#### Data for analysis
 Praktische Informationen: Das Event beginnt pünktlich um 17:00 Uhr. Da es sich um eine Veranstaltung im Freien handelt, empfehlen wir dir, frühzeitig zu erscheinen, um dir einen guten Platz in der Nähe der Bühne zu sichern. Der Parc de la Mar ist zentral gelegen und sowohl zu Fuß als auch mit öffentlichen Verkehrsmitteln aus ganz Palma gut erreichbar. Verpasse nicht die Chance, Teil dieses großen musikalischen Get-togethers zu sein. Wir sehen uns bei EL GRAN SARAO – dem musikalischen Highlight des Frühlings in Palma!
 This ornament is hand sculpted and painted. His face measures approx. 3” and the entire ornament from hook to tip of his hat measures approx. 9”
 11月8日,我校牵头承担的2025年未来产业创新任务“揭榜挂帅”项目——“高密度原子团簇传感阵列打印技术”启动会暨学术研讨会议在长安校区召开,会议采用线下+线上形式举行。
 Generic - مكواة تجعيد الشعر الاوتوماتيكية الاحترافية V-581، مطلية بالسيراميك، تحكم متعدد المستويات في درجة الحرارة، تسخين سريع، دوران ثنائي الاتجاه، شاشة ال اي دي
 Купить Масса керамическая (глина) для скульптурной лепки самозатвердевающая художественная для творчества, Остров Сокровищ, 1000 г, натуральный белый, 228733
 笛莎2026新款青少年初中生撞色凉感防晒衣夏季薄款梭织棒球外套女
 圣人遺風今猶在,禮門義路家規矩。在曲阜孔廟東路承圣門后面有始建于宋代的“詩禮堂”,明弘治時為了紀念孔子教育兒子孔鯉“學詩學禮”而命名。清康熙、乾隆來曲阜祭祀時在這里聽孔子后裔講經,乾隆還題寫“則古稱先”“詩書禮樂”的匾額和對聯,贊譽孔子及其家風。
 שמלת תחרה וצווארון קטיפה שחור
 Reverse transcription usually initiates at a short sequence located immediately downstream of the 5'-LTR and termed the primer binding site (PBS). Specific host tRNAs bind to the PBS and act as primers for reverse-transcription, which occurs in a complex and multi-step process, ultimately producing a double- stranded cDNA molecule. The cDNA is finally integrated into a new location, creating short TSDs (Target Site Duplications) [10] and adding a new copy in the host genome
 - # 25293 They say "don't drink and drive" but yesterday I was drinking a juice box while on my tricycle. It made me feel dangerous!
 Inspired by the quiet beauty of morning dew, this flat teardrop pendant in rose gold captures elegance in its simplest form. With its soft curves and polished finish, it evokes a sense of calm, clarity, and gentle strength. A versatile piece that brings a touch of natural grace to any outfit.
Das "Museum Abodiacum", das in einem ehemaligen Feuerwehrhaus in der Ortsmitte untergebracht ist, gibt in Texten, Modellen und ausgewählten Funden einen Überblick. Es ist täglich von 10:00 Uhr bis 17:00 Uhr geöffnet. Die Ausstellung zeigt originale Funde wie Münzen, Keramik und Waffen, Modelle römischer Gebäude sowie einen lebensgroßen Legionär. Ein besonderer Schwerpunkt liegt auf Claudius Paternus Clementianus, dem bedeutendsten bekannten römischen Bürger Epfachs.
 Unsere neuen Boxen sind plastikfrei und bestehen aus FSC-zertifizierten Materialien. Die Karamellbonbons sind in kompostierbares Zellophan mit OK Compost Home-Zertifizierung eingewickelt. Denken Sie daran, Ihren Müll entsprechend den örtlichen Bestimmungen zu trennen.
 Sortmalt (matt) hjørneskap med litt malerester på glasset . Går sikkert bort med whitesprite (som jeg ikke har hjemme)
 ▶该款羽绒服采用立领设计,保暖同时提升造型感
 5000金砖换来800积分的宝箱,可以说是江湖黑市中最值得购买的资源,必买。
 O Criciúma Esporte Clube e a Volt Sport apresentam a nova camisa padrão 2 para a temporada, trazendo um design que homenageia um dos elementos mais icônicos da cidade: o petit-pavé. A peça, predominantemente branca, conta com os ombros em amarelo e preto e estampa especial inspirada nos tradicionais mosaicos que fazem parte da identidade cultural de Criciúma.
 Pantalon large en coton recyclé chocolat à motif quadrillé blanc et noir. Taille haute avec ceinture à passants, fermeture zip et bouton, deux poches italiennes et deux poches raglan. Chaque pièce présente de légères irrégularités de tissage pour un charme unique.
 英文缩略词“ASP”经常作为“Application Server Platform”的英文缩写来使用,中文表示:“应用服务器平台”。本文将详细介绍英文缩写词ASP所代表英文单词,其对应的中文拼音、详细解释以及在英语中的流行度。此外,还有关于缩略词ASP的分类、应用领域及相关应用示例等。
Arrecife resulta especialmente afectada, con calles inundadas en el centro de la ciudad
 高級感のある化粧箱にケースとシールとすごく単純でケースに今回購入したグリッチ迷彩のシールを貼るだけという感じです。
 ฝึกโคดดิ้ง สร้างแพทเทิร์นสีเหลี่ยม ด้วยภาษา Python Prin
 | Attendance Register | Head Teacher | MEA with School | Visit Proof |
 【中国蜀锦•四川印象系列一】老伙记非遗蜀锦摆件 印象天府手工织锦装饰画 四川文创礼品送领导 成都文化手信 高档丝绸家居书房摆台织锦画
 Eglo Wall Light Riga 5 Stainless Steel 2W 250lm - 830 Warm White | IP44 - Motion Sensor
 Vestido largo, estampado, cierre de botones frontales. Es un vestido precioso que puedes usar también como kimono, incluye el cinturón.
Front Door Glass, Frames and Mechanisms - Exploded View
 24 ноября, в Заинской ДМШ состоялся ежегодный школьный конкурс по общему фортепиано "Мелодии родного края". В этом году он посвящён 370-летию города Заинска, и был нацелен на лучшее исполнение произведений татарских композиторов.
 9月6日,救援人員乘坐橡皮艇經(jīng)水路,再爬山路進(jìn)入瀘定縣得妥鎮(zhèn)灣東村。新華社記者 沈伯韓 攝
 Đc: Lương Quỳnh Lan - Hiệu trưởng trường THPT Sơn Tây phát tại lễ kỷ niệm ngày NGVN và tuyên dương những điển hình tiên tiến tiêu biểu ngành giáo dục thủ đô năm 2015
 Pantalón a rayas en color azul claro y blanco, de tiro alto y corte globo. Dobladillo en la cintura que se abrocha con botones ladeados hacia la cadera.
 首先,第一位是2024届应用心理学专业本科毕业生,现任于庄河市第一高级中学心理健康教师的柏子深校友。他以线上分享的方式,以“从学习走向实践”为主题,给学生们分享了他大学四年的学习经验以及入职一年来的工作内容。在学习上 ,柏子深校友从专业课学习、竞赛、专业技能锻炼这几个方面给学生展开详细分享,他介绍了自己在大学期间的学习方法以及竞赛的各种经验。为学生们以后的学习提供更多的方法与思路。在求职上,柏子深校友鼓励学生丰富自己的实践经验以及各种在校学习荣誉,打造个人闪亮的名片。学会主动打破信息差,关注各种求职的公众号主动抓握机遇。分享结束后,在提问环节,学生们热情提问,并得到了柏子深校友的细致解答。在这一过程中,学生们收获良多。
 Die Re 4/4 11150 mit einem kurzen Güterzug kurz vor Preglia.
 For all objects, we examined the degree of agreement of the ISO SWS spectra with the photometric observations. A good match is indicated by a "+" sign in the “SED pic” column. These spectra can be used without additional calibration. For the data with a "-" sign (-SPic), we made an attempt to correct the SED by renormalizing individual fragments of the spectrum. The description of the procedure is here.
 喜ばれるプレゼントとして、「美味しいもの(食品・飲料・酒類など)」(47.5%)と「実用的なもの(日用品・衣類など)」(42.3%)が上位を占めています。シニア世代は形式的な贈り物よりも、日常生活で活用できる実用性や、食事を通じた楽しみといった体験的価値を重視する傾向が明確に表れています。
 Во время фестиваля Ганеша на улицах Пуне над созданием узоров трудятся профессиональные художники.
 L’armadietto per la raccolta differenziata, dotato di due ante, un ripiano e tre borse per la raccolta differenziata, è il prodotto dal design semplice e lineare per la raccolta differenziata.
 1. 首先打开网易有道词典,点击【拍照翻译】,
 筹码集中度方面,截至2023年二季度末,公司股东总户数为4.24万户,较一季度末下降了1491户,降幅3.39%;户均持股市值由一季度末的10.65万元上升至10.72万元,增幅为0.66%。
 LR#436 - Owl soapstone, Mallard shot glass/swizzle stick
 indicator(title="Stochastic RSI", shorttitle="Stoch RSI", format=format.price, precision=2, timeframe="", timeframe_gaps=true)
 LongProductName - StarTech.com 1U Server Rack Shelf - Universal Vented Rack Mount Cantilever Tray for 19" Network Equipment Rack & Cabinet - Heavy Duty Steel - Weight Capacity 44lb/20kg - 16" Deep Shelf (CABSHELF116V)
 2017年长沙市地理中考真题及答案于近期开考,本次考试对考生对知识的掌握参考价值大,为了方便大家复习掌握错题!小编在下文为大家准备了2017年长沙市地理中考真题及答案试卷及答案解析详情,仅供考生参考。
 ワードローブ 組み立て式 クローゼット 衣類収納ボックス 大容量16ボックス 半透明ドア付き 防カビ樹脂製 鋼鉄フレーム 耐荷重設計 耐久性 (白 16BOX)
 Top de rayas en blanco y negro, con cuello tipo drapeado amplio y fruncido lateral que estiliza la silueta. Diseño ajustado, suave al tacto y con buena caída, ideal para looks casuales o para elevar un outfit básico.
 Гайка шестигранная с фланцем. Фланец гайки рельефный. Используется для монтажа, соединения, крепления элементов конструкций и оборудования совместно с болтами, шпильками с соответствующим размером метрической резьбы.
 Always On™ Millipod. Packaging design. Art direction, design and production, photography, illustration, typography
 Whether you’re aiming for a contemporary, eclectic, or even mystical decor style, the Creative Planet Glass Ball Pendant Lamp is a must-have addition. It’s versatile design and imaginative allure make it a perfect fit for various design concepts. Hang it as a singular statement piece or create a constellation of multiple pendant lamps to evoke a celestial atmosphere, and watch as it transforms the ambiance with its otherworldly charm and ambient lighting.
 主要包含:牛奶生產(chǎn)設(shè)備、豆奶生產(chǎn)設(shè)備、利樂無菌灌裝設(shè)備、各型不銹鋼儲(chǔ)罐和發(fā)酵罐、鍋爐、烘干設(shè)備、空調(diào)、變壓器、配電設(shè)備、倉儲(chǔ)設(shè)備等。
########
● Exercise requirements
Pull every line containing "botones" from the entries above and copy it.

● Finished exercise
 Vestido largo, estampado, cierre de botones frontales. Es un vestido precioso que puedes usar también como kimono, incluye el cinturón.
 Pantalón a rayas en color azul claro y blanco, de tiro alto y corte globo. Dobladillo en la cintura que se abrocha con botones ladeados hacia la cadera.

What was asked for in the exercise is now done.